Je zult maar oog in oog staan met een schorpioen. Dat overkwam Willem Perquin, biologiedocent aan het Oostvaarderscollege in Almere. Om zijn leerlingen enthousiast te maken voor het vak biologie had hij een paar scheppen strooisellaag meegenomen om onder de microscoop te bekijken.
Tot ieders verrassing dook daar een piepkleine schorpioen op van amper 2 millimeter: de bastaardschorpioen. Hij is geen familie van de schorpioen want hij mist de giftige staart. Deze bastaard is verwant aan spinnen, mijten en hooiwagens, maar hij is wel degelijk giftig.
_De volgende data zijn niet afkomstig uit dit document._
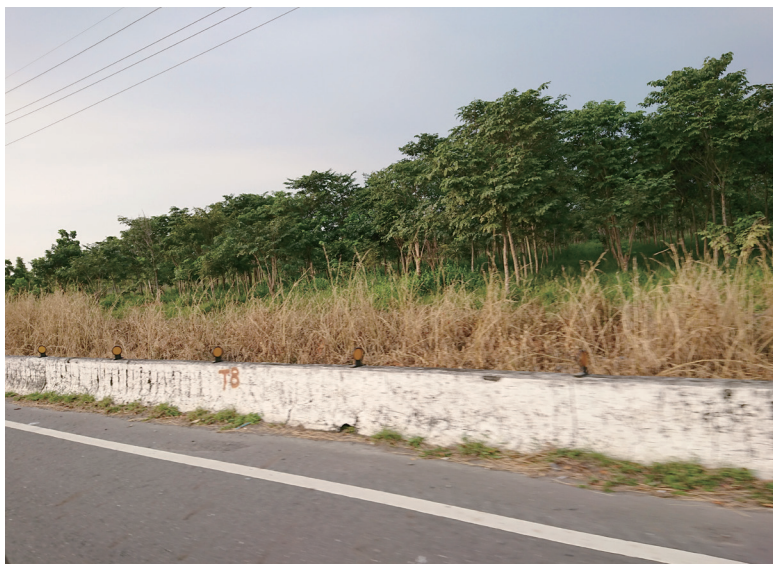
▲ 為禁用除草劑舉辦志工們自發性到鄉道調查

為什麼護蛙行動與禁用除草劑相關呢？這要回到 2009 年起，每年 10 月份協會在新竹縣大山背舉辦「幫青蛙過馬路」活動，期望給梭德氏赤蛙一條安全的生殖道路。當時有生態專家建議爭取設立「生態廊道」，為使廊道設置範圍，能被更多生物能利用，先展開「路殺動物調查」。
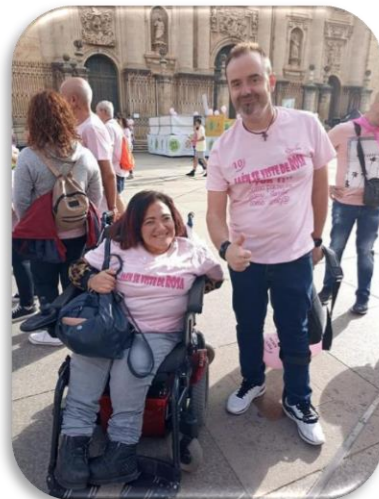
Jaén Se Viste de Rosa
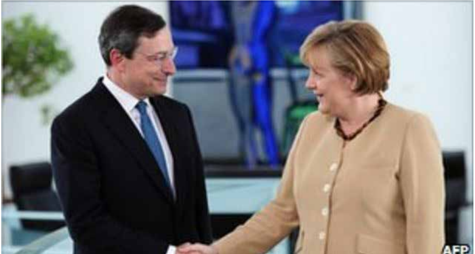
El presidente del Gobierno italiano, Mario Draghi, y la canciller alemana Angela Merkel.
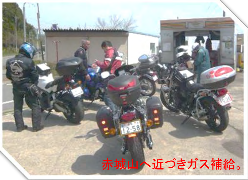
赤城山へ近づきガス補給。
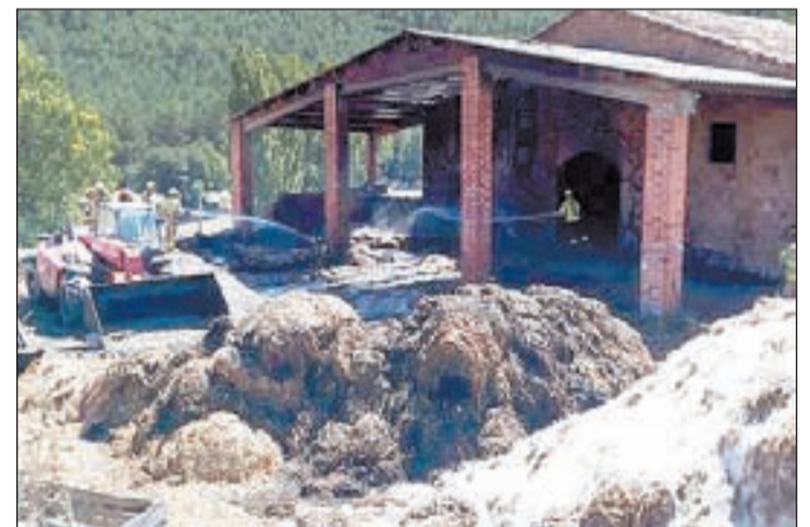
Els bombers van remullar la zona

Els efectius del GRAE de Bombers van rescatar ahir al Congost de Mont-rebei un jove de 25 anys que havia caigut per un desnivell d'uns 5 metres. Els serveis d'emergències van ser alertats per la noia que l'acompanyava a les 13.55 hores i informava que no podia sortir. Finalment, va ser localitzar i rescatat. No va resultar ferit.
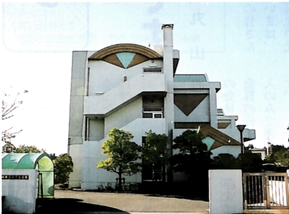
生徒寮全景と食堂(下)
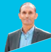
Philippe Gamen, Président de Grand Chambéry

Grand Chambéry a voté lors des conseils du 15 avril et du 3 juin un budget de crise à l'attention de partenaires à hauteur de 4,6 M€ pour le budget général et 3,1 M€ pour le budget annexe dédié Transport. Une aide financière de 296 000 € a notamment été délibérée à destination du délégataire qui gère le Parc des Expositions. Une enveloppe de 110 000 € a également été attribuée aux acteurs sportifs concourant au rayonnement de l'agglomération. Le secteur du tourisme reste très marqué par la crise et des moyens sont déployés afin d'aider des institutionnels tels Grand Chambéry Alpes Tourisme (235 000 €) qui assure la promotion touristique sur le territoire ou SMSB ( Syndicat mixte des stations des Bauges) avec une avance forfaitaire d'1 million d'euros votée afin d'accompagner la gestion des stations Féclaz/Revard et Aillons/Margeriaz dans cette période inédite. Le réseau de transport en commun SYNCHRO, comptabilisé dans un budget annexe dédié, dont la gestion est confiée au délégataire KEOLIS jusqu'en 2024, est très impacté par la crise avec la baisse de fréquentation qui a généré des pertes tarifaires (-2 millions d'euros, -40% par rapport aux prévisions initiales) et contributives (- 900 000 € pour le Versement Mobilité). L'enveloppe dédiée votée va permettre de maintenir l'offre de service initiale et intégrale, ce qui constitue une performance significative au regard des pertes estimées.
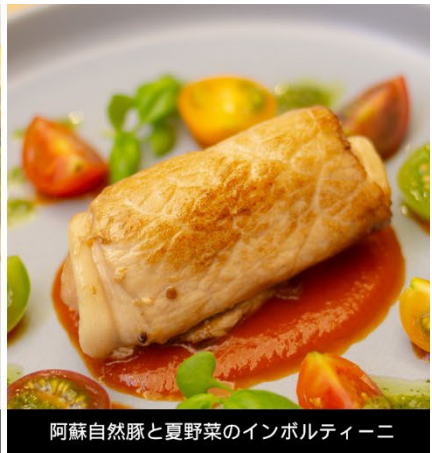
阿蘇自然豚と夏野菜のインボルティーニ
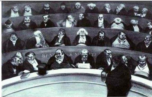
Slika 1. Honore Daumier: Zasjedanje francuskog parlamenta 1834. godine

Honore Daumier (Onor Dumie) francuski je umjetnik poznat pod nadimkom Michelangelo karikature. Kako je karikaturama kritizirao vlast i društvenu stvarnost zbog svojih je djela završio na odsluženju zatvorske kazne.
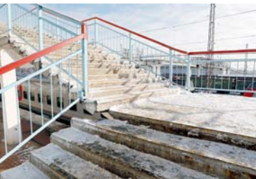
«Лестница перешла старая, но поощения»
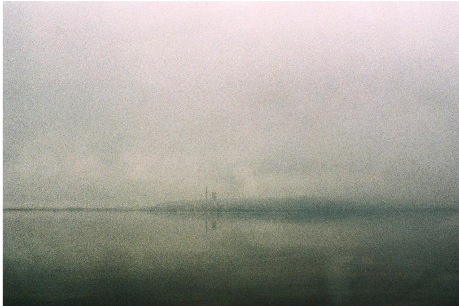
Sans titre , série Des soleils maladroits , dimensions variables, Hahnemühle Papier Photo Rag Baryta 315g, finition sur dibond. 2024. Editions de 05 tirages + 01 d'artiste.
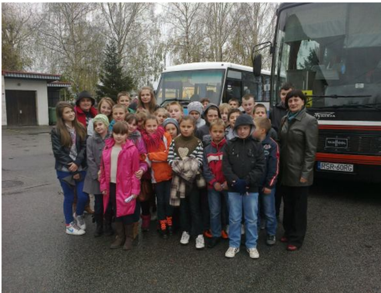
Uczestnicy wyjazdu do Domu Kultury „Sokół”
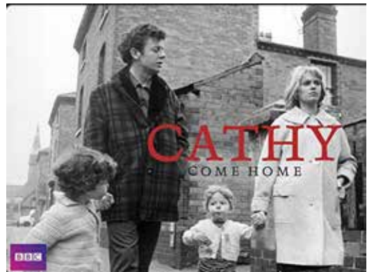
Poster, Cathy Comes Home , 1966, r. Ken Loach

Filmele lui Ken Loach, unul dintre părinții realismului britanic, activ până în zilele noastre, sunt printre cele mai grăitoare exemple. Docu-drama Cathy Comes Home spune povestea a doi îndrăgostiți care, din cauza apariției unui copil combinată cu un accident de muncă, ajung să-și piardă casa. Cei doi se chinuie să se repună pe picioare logistic și financiar, dar se lovesc de absurdul unui sistem care îi reduce în cele din urmă la a fi oameni ai străzii. Filmul a fost extrem de discutat la vremea lui (1966) fiind printre primele care vorbeau atât de aplicat despre oameni fără adăpost, lipsa de locuri de muncă, sau drepturile mamelor. În urma premierei pe postul de televiziune BBC1 și a reacției publicului, un an mai târziu, în Anglia se înființa asociația de caritate Crisis, dedicată oamenilor străzii și activă până în ziua de azi. 6
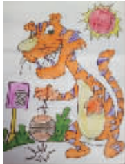
小记者:郭锦瑶 编号:160698 学校:周口五一路小学四(3)班
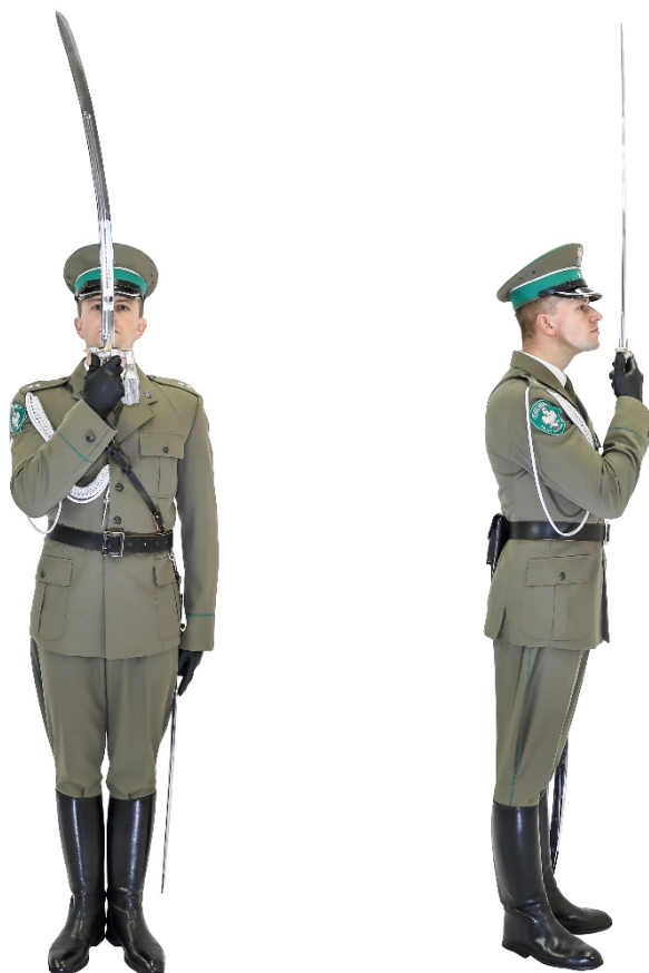
Zdjęcie nr 4. Salutowanie szablą w miejscu
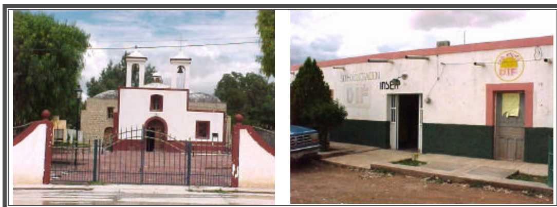
Fotografías No. 123 y 124 Templo y DIF de la localidad de Estación Catorce
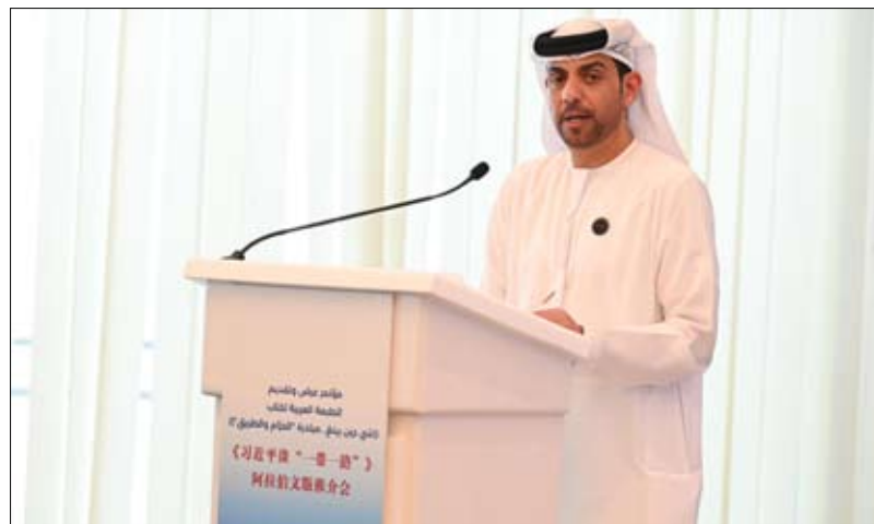
ببرنامج معرفي حافل
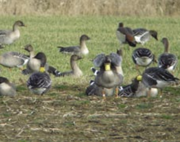
Gehalsbande Toendrarietganzen bij Bergen (Li.).

op 28-30 januari in De Peel (Egbert van der Linden, Jeu van Rijswick).
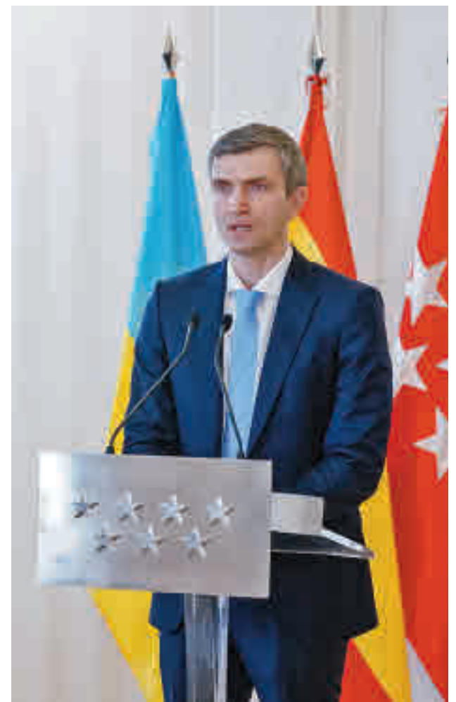
Matuschenko, tras la reunión con Ayuso

a ayudar en todo aquello que necesiten y que para eso vamos a estar en contacto con el Gobierno. La batalla que se está librando es por la libertad de Ucrania pero también es por la libertad de todos nosotros”, concluyó.
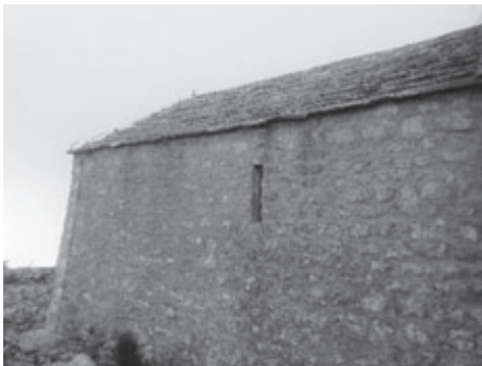
Sačuvana puškarnica na kasnogotičkom dijelu crkve sv. Ivana Krstitelja na Birnju

U takvim okolnostima 1579. godine crkvu sv. Ivana na Birnju vizitirao je Augustin Valier. Ona je imala oštećen krov i vrata, što je bio odraz tadašnjih ratnih prilika, jer se crkva našla na samoj granici. Iz te vizitacije također je razvidno da beneficij i dalje egzistira, unatoč preseljenju stanovništva iz srednjovjekovnog Ostroga u novoutvrđeno naselje na obali. Odnosno, na svetkovinu Glavosjeka ustaljeno se služila sveta misa na Kozjaku i poslije na brdu priređivala okrepa hranom po starom običaju za potomke nekadašnjih osnivača beneficija, neovisno o tome što se crkva sv. Ivana na Birnju našla u neposrednoj blizini granice i sve učestalijih sukoba, pljačkanja, paleži i otmica od strane Osmanlija. Uostalom, na crkvi su još uvijek sačuvana dva otvora koja su služila za puškarnice, što upućuje na činjenicu da se ona mogla koristiti i za obranu u slučaju napada Osmanlija. U tome razdoblju u crkvi sv. Ivana Krstitelja na Birnju vizitator je zatekao glavni oltar sa svečevom slikom, a za služenje svete mise liturgijske predmete donosilo se iz župne crkve. 20
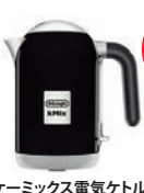
ケミックス電気ケトル
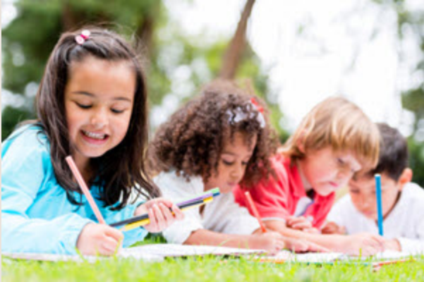
Atelier dessine ta bibliothèque du futur Samedi 7 février | 10 h 15
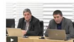
1. izredna seja občinskega sveta | Maj 2019
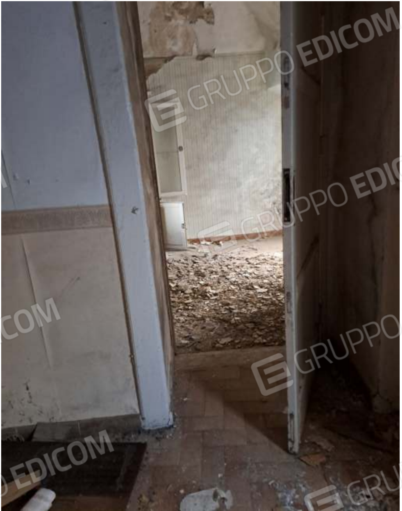
FOTO N. 4 VISTA DEL LOCALE LETTO 1
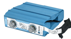
Unitate de compresie Wedge și setul Wedgekit

Pentru mai multe informații, vă rugăm să vizitați roxtec.com .
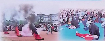
防災訓練 6/10 (日)
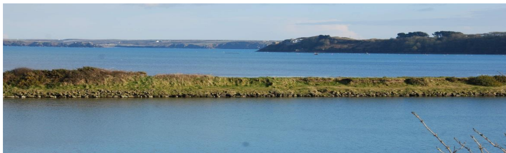
Lagŵn yn Dale
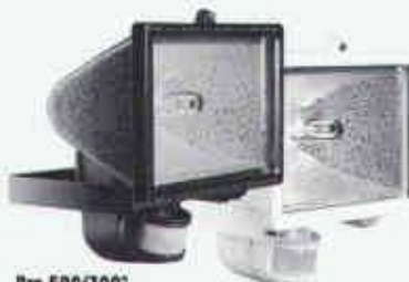
Pro 500/200* E-No. 924 602 019
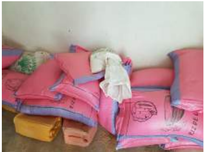
Arroz Procesado para la venta
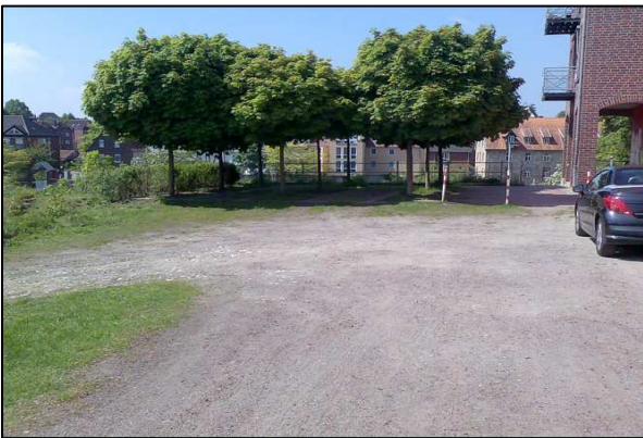
Foto 11: Stellplätze und Verkehrsflächen nördlich Hotel (Blickrichtung WSW; 21.05.2010)
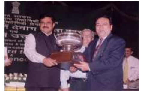
Dewang Mehta Award for Innovation in IT
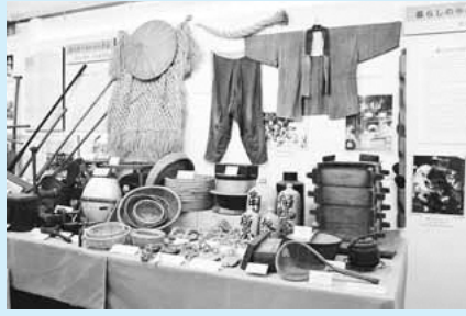
▲郷土資料室の民具資料

江戸時代に建てられた平尾古民家の母屋と土蔵の一般公開を実施します。3月の回では、あ
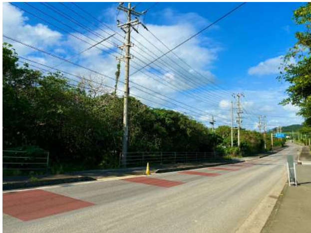
東側公道と公道側の進入路
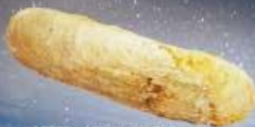
イソム/アシタカイ
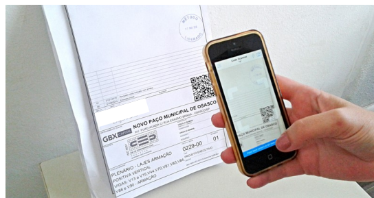
Figura 3. Visualização de Versão de plantas utilizando o QR-Code

Esta ferramenta controla as permissões de acesso aos arquivos digitais e suas revisões, garantindo que a revisão atualizada esteja disponível para todos os intervenientes no processo e não haja cópias de arquivos obsoletos em uso pela equipe de produção e sua gestão. A troca dessas informações é feita através de um QR-Code, constante nos carimbos de projetos, conforme Figura 3.
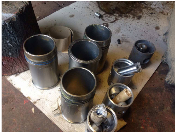
Slika 15. Novi klipovi i košuljice cilindara
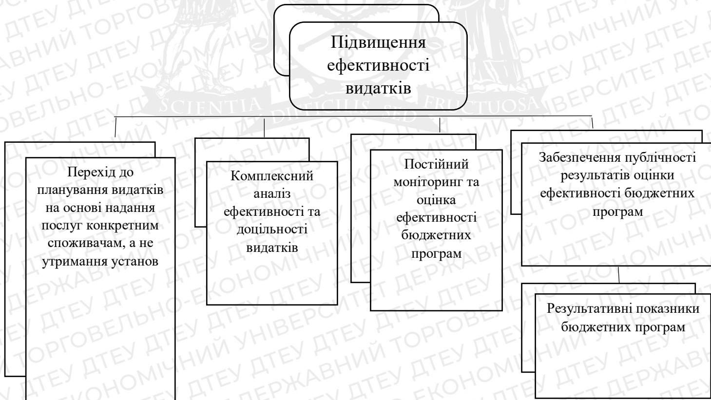
Рис. 1.4. Підвищення ефективності видатків
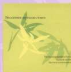
ВЕСЕННЕЕ ПУТЕШЕСТВИЕ SPRING TRAWEL (2005)

"То, что мы поем – это наш синтез ритуальных традиций: тибетских, буддийских, суфийских, православного радения, народного причитания, шаманского действа. И еще классическая музыка, и неклассическая"
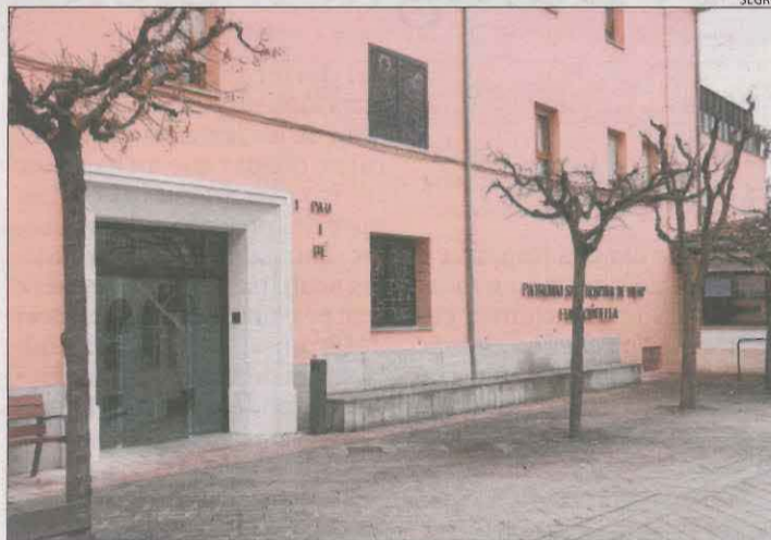
Imatge de la residència el desembre del 2020 després del brot.

havia al febrer va declarar la causa complexa i l'ha prorrogat sis mesos més, fins a principis d'agost. De fet, la causa s'ha demorat, entre al-

Hij doorboort z’n prooi – meestal mijten en spingstaarten - met de tot grote scharen uitgegroeide klauwen en spuit het verlammende gif in het slachtoffer. De pseudoschorpioen leeft in de strooisellaag van bossen.
Volgens Jeroen Hoffer die het in kaart brengen van ongewervelde dieren in europees verband coordineert, komen de pseudoschorpioenen ook voor in de buurt van warmbloedige dieren als vleermuizen en mollen. Hier doen ze zich te goed doen aan het ongedierte dat in hun vacht rondkruipt. Als ze zich over grotere afstanden willen verplaatsen liften ze mee met vliegende insecten. Als je geluk hebt zie je ze soms aan de poten bungelen.